Local differences in sweat secretion from the head during rest and exercise in the heat.

The importance of the head in dissipating body heat under hot conditions is well recognised, although very little is known about local differences in sweat secretion across the surface of the head. In this study, we focused on the intra-segmental distribution of head sweating. Ten healthy males were exposed to passive heating and exercise-induced hyperthermia (36 degrees C, 60% relative humidity, water-perfusion suit: 46 degrees C), with ventilated sweat capsules (3.16 cm(2)) used to measure sweat rates from the forehead and nine sites inside the hairline. Sweat secretion from both non-hairy (glabrous) and hairy areas of the head increased linearly with increments in work rate and core temperature, with heart rate and core temperature peaking at 175 b min(-1) (+/-6) b min(-1) and 39.2 degrees C (+/-0.1). The mean sweat rate during exercise for sites within the hairline was 1.95 mg cm(-2) min(-1). However, the evolution of this secretion pattern was not uniformly distributed within the head, with the average sweat rate for the top of the head being significantly lower than at the anterior lateral aspect of the head (P < 0.05), and representing only 30% of the forehead sweat rate (P < 0.05). It is hypothesised that these intra-segmental observations may reflect variations in the local adaptation of eccrine glands to differences in local evaporation associated either with bipedal locomotion, which will influence forehead sweating, or the hidromeiotic suppression of sweating, which impacts upon sweat glands within the hairline.
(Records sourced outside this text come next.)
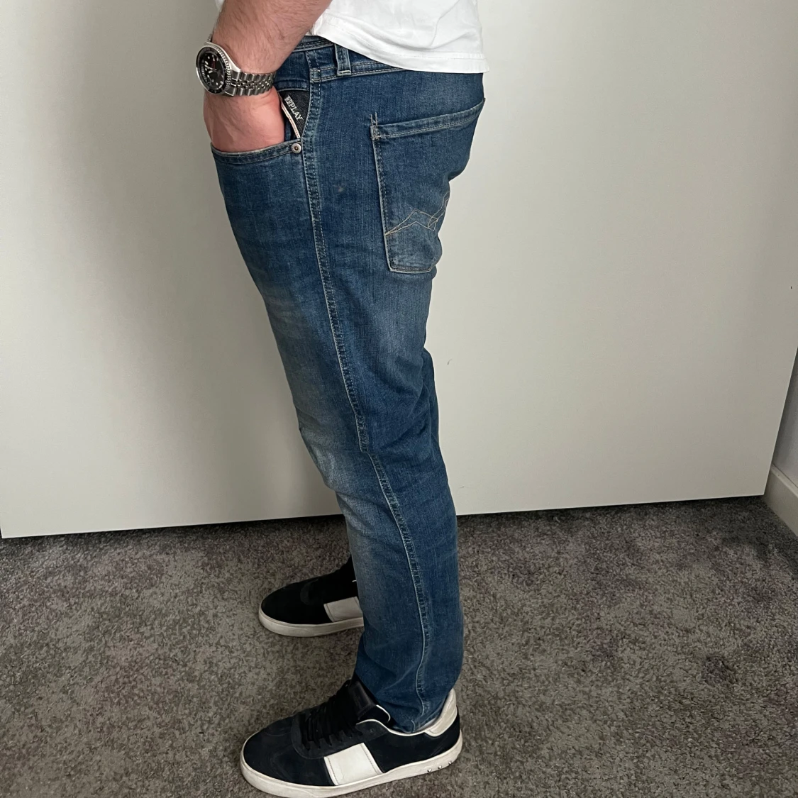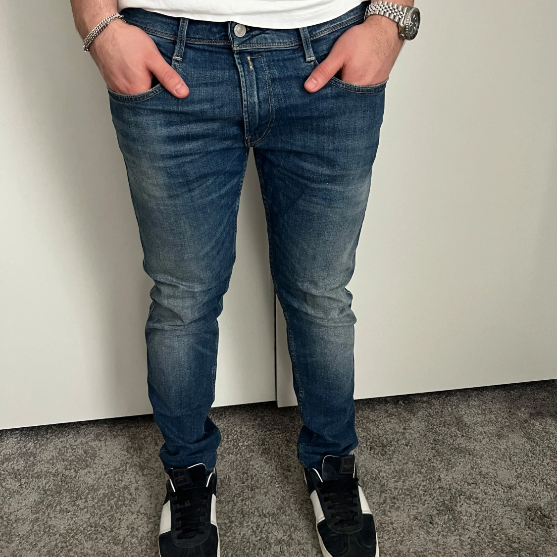 Tjena, säljer nu dessa jeans från Replay | Storleken är 34/30 | Färgen är mörkblå och skicket är 9,5/10 | Hör gärna av dig vid minsta lilla fundering 😊
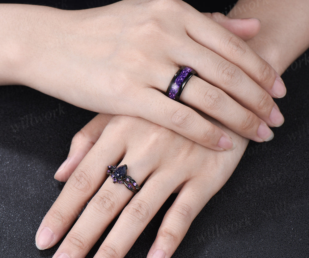 ***Like stardust caught in twilight, this galaxy-inspired couple ring set features a teardrop blue sandstone center stone that shimmers like the night sky. Paired with leaf-accented amethysts and a tungsten men?¡®s band inlaid with violet fragments, it?¡®s a dreamy symbol of cosmic love.***
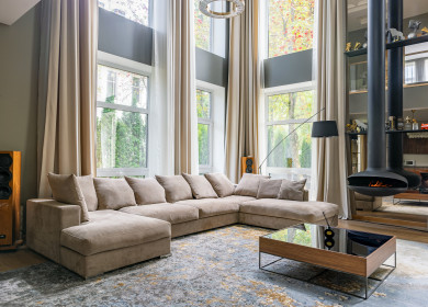Функциональная планировка: 7 спален (5 в основном доме + 2 гостевые в банном комплексе), светлая гостиная, столовая, кухня с островом и кладовой для продуктов, барбекю-зона с террасой, парная с дровяной печью, постирочная, котельная.

Sweat secretion from the torso during passively-induced and exercise-related hyperthermia.

Thermal sweating from the human torso accounts for about half of the whole-body sweat secretion, yet its intra-segmental distribution has not been thoroughly examined. Therefore, the aim of the current study was to provide a detailed description of the distribution of eccrine sweating within the torso during passively-induced (water-perfusion garment: 40 degrees C) and progressively increasing, exercise-related thermal strain (36 degrees C, 60% relative humidity). Sudomotor function was measured in ten males using ventilated sweat capsules (3.16 cm(2)) attached to twelve sites on the ventral (four), lateral (three) and dorsal (four) torso, and upper shoulder surfaces. Sweating increased asymptotically in all sites, with the final core temperature averaging 39.7 degrees C (+/-0.1) and heart rates being 181 b min(-1) (+/-2). During exercise, the mean torso sweat rate averaged 1.35 mgcm(-2)min(-1), with sweating from the lateral torso surfaces generally being the lowest. Each of the between-site comparisons with the lateral torso differed significantly (P < 0.05), except for comparisons with the chest (P = 0.051) and shoulder (P > 0.05). The intra-segmental differences between the lateral torso and the chest, abdomen, upper- and lower-back areas were significantly accentuated during exercise. From these data, it is evident that the torso is another region that does not have a uniform distribution of thermally-induced sweating. Thus, it is no longer acceptable for researchers, modellers, sweating manikins engineers or clothing manufacturers to assume that the sweat rates for all local sites within any body segment are equivalent.